Create HTML Image Cache

HTMLCaptcha is unique in that it renders real images to pure HTML/CSS for insertion into a web page. This simplifies the Captcha coding process and speeds it up. No images have to be written. Instead, a randomly selected image from the cache is output.

Because HTMLCaptcha uses HTML/CSS, image data output is not very size efficient. HTMLCaptcha is suited specifically to small, icon-sized images. Anything larger will prove inhibitive, both in download times and browser rendering. It is recommended that you use icon-sized images no bigger than 32x32 pixels. You can certainly use larger images, but browser rendering and download time may suffer. Read Optimizing HTMLCaptcha for details about how to keep HTML image output as small as possible.

Creating an image cache

A Windows application is included in the installation that will render a directory of images to an HTML image cache. Go to Programs | HTMLCaptcha | Create HTML Images. A small form will load. Type in or browse to a folder that holds your icon images, and then set the folder where you want to output the image cache. If the output folder already contains image cache files, they will be overwritten. Be sure to use separate directories if you are creating more than one set of HTML image data. Click "Convert" and the image cache will be generated.

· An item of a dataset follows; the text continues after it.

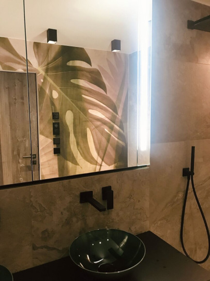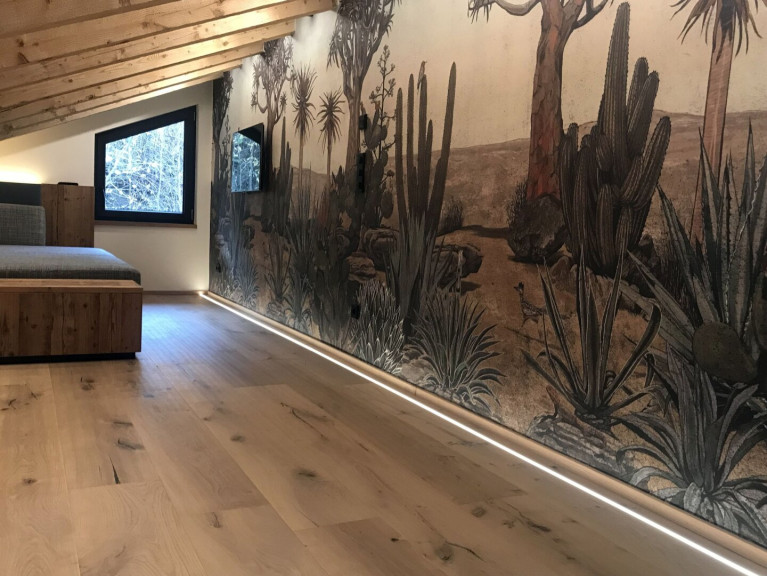 Das Masterschlafzimmer verfügt über durchdachte Garderobenelemente mit Lodenfronten und einen integrierten Fernseher. Weiters befindet sich auf dieser Ebene das Badezimmer mit Altholz-Waschtisch, Doppelwaschbecken mit italienischen Armaturen der Marke Fantini sowie bodengleicher Dusche mit Glaswand und Rainshower, schwarzem Handtuchtrockner und integriertem Radio. Die außergewöhnliche Wandgestaltung in Form einer bedruckten Tapete bildet hier das florale Highlight.

The image cache consists of two files:

    htcap.dat
    htcap.szb

htcap.dat contains the HTML image data, and htcap.szb is a seek index to locations within htcap.dat where the image data is stored. htcap.szb also contains the descriptors for your images -- their file names (see next section). When HTMLCaptcha is instantiated, you must pass it the path to the directory where these files are stored. Note that while you can only have one set of image cache files per directory, you can use multiple directories to keep different sets of image cache data.

Naming your images

When you create an image cache, the provided tool uses the image file names to create an index of the image's description. Because of this it is important that you name your files in such a way that users are not confused.

For instance, if you have two GIF calendar images that are slightly different, e.g.

You should either name them differently, e.g.

    red calendar.gif
    green-calendar.gif

or name them identically, with a number to differentiate them on the filesystem:

    calendar1.gif
    calendar2.gif

The image cache tool will automatically remove any number from the end of the filename, so that both descriptors will be stored as "calendar", as opposed to the potentially confusing "calendar1" and "calendar2". This is useful, say, if you have two calendars that look different but are both green -- you can name them "green-calendar1.gif" and "green-calendar2.gif", and when the descriptor selection is created, the user will be prompted simply with "green-calendar".

Spaces, hyphens, or dashes are acceptable in file names, and some amount of mixing of these separators is recommended, as it makes descriptor guessing harder for software, but not necessarily harder for a human. E.g. here we have green and red calendar images, with file names like that above, the descriptors presented to the user will be, respectively:

    "red calendar"
    "green-calendar"

Likewise, if you have a file, "blue_calendar.gif", this will be presented as "blue_calendar", which is still relatively easy for a human to understand. By introducing a random element to the naming of your files, you make it harder for a "bot" to determine your naming convention.

One thing to be careful about in using different separators in filenames, is naming similar images using different separators. Since HTMLCaptcha selects the correct descriptor and other, random descriptors from the remaining image cache index, you may end up presenting confusing options to the user. For instance, if you have two "plus sign" images of different sizes, e.g.

and you name them, respectively

    plus sign.png
    plus-sign.png

the user may be presented with one of the images, and both of the descriptors, making it impossible for him or her to guarantee the right choice: Let's say that the first image, "plus sign.png" is displayed from the image cache, along with its descriptor. HTMLCaptcha then randomly happens to select the descriptor for the second "plus sign" image, and displays it along with the correct one. The user would see the following descriptor choices:

    "plus sign"
    "plus-sign"

At this point there is no way for the user to know exactly which one is the right choice.

To avoid this, name the images using the same separator, and include a number to differentiate them on the filesystem. These image names then become

    plus sign1.png
    plus sign2.png

and even if the user is presented with both descriptors, e.g.

    "plus sign"
    "plus sign"

either one will yield the correct answer.